(Source data)
------------------------

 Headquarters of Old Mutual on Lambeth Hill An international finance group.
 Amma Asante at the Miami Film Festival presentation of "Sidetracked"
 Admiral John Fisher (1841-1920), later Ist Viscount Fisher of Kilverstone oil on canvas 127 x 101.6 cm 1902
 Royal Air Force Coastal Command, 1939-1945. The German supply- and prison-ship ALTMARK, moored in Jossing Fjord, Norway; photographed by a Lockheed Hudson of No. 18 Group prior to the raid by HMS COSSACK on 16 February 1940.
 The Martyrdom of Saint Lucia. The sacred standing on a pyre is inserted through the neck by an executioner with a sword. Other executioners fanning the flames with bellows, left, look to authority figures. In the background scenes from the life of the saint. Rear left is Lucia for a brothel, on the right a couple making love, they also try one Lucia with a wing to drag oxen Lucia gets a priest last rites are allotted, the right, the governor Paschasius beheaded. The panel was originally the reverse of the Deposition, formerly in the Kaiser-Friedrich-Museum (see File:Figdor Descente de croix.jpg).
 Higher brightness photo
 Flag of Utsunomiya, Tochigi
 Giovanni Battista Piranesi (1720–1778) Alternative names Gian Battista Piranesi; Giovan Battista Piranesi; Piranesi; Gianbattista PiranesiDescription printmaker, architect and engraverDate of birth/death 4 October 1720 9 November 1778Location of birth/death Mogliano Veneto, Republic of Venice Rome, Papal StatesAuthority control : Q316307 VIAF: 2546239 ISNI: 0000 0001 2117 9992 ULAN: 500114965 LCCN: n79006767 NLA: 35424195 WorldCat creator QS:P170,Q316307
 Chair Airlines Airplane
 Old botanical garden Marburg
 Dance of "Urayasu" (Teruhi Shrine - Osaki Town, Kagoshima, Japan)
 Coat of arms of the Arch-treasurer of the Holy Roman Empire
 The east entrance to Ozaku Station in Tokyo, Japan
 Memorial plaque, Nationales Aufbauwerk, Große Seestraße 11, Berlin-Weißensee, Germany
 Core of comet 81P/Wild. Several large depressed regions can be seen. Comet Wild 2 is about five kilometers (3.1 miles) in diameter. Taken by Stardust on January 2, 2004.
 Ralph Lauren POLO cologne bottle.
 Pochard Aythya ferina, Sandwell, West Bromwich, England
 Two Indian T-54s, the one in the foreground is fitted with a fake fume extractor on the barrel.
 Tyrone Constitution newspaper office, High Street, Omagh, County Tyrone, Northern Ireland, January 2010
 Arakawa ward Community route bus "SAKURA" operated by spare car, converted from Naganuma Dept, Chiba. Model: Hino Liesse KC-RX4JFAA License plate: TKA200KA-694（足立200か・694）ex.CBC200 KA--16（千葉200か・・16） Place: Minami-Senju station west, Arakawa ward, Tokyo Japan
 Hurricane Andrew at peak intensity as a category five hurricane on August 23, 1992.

------------------------

> **Try it**: What's needed is a word-for-word restatement of all the entries.

> **Written response**:
 Headquarters of Old Mutual on Lambeth Hill An international finance group.
 Amma Asante at the Miami Film Festival presentation of "Sidetracked"
 Admiral John Fisher (1841-1920), later Ist Viscount Fisher of Kilverstone oil on canvas 127 x 101.6 cm 1902
 Royal Air Force Coastal Command, 1939-1945. The German supply- and prison-ship ALTMARK, moored in Jossing Fjord, Norway; photographed by a Lockheed Hudson of No. 18 Group prior to the raid by HMS COSSACK on 16 February 1940.
 The Martyrdom of Saint Lucia. The sacred standing on a pyre is inserted through the neck by an executioner with a sword. Other executioners fanning the flames with bellows, left, look to authority figures. In the background scenes from the life of the saint. Rear left is Lucia for a brothel, on the right a couple making love, they also try one Lucia with a wing to drag oxen Lucia gets a priest last rites are allotted, the right, the governor Paschasius beheaded. The panel was originally the reverse of the Deposition, formerly in the Kaiser-Friedrich-Museum (see File:Figdor Descente de croix.jpg).
 Higher brightness photo
 Flag of Utsunomiya, Tochigi
 Giovanni Battista Piranesi (1720–1778) Alternative names Gian Battista Piranesi; Giovan Battista Piranesi; Piranesi; Gianbattista PiranesiDescription printmaker, architect and engraverDate of birth/death 4 October 1720 9 November 1778Location of birth/death Mogliano Veneto, Republic of Venice Rome, Papal StatesAuthority control : Q316307 VIAF: 2546239 ISNI: 0000 0001 2117 9992 ULAN: 500114965 LCCN: n79006767 NLA: 35424195 WorldCat creator QS:P170,Q316307
 Chair Airlines Airplane
 Old botanical garden Marburg
 Dance of "Urayasu" (Teruhi Shrine - Osaki Town, Kagoshima, Japan)
 Coat of arms of the Arch-treasurer of the Holy Roman Empire
 The east entrance to Ozaku Station in Tokyo, Japan
 Memorial plaque, Nationales Aufbauwerk, Große Seestraße 11, Berlin-Weißensee, Germany
 Core of comet 81P/Wild. Several large depressed regions can be seen. Comet Wild 2 is about five kilometers (3.1 miles) in diameter. Taken by Stardust on January 2, 2004.
 Ralph Lauren POLO cologne bottle.
 Pochard Aythya ferina, Sandwell, West Bromwich, England
 Two Indian T-54s, the one in the foreground is fitted with a fake fume extractor on the barrel.
 Tyrone Constitution newspaper office, High Street, Omagh, County Tyrone, Northern Ireland, January 2010
 Arakawa ward Community route bus "SAKURA" operated by spare car, converted from Naganuma Dept, Chiba. Model: Hino Liesse KC-RX4JFAA License plate: TKA200KA-694（足立200か・694）ex.CBC200 KA--16（千葉200か・・16） Place: Minami-Senju station west, Arakawa ward, Tokyo Japan
 Hurricane Andrew at peak intensity as a category five hurricane on August 23, 1992.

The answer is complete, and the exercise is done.